Now that I’ve had some first hand experience with the challenges involved with getting one’s word out there (WARNING SHAMELESS PLUG FOR MY FATHER’S BOOK THE GENIUS CRUCIBLE: http://www.amazon.ca/The-Genius-Crucible-ebook/dp/B00AQ8WKQ8), and have spent some time reading the advice of other authors, I am becoming aware of social media’s power to vehicle messages of importance. The general consensus is that time judiciously spent on the likes of Twitter and Facebook are an investment that will pay off in terms of exposure. In the case of The Genius Crucible, we came at it late in the game. The Twitter profile is growing, and has some great discussions with fascinating people, but I remain unconvinced of its effect on the book itself.

I’ve therefore rolled these lessons into my latest outing, my personal profile, so that I may experiment and see what really does make social media tick. I’ve come across profiles that claim to have attracted dozens to hundreds of followers by the end of their first week by selecting and aggressively pursuing a niche. Strangely, many of these niches involve “get rich fast and easy” printed in ginormous letters across the screen, or spend their effort debating the latest pet fur style for random Hollywood celebrity X. I’ve always had a wide range of interests, and there is no way in H-E-double-hockey-sticks that I will ever get into celebrity gossip, so I forge my own path at the potential cost of millions of adulating fans and followers. Oh well.

Before I carry on too much further and lose my train of thought, I believe it is appropriate to share this wonderful and yet creepy site I’ve just stumbled across: http://www.gowhunk.com/cnut/ . If you ever wonder whether anyone can hear what you shout across the digital ether, this is proof if I’ve ever seen it. It’s certainly a variation on a Twitter search, but presented in a much more manageable manner, especially if the default search query is changed manually in the browser address bar. Used for good, this can be invaluable. Used for ill, as semi-humourously suggested by the title, I believe it can lead to significant negative consequences. However, enough on that, back to the whole point of this entry.

So what is my main lesson so far? Manage information overload! I’ve found that it can become incredibly time consuming to follow up on conversations, manage blog entries, finding new and noteworthy things to Tweet or blog about. Even with the extremely limited following I have so far, I can easily get sucked into rabbit holes that keep me from doing the essential thing that all of this activity is about in the first place: writing.

I wish I had a solution to offer so far. It would be easy to advise you, dear reader, that you should only spend a certain amount of well-defined time per day working the social networks while dedicating the rest to working the story. However, in a world where everyone considers information that is hours old as ancient, there is a steady pressure to keep a watchful eye on current events.
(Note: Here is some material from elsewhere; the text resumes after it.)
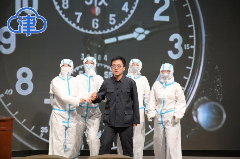 整部舞臺劇共有七幕,以鄧稼先夫人許鹿希的視角展開,采用倒敘方法講述她作為鄧稼先一生的旁觀者和親歷者所了解的鄧稼先。隨著舞臺劇的開場,天津師范大學學生演員們帶大家“回到”那個百廢待興的年代,“目睹”鄧稼先赴美深造、毅然回國報效祖國、接受任務、投身科研事業等場景,追憶他“干驚天動地事,做隱姓埋名人”的光輝一生,通過科學家形象的多維塑造,對科學家精神作出生動詮釋,讓學生們感受心懷“國之大者”的勇毅擔當、體悟科學成就背后的艱辛與努力、樹立民族復興的報國志向。當看到舞臺上的鄧稼先不顧自身安危,用雙手捧起碎彈時,不少觀眾眼中淚光閃爍。

Current events as in seconds old. The days when a news bulletin could talk only about what happened in the day, or Heaven forbid a weekly recap appear to be rapidly receding into the distance. Again, I must be ancient. With the constant torrent of social information carving its way through the digital realm, it is true that an invaluable pearl could be missed if it is not caught as it falls from someone’s enlightened mind, buried in the flow of re-tweeted goat screams, hilarious as they may be.

What also boggles my mind are those with profiles who are following not tens, not hundreds, but thousands of people. I cannot imagine how they pick anything out of the flow. By the time their eyes have settled on a message, there could have been another hundred come in. By the time they are done reading it, who knows? How do they do it? Do they have a team of ghost tweeters there to keep the image up?

All of this to say that I welcome your comments with ideas as how to best manage these powerful tools. As I get more insight, I will expand the article to serve as a resource to all.

In the meantime, back to writing a picture book for kids!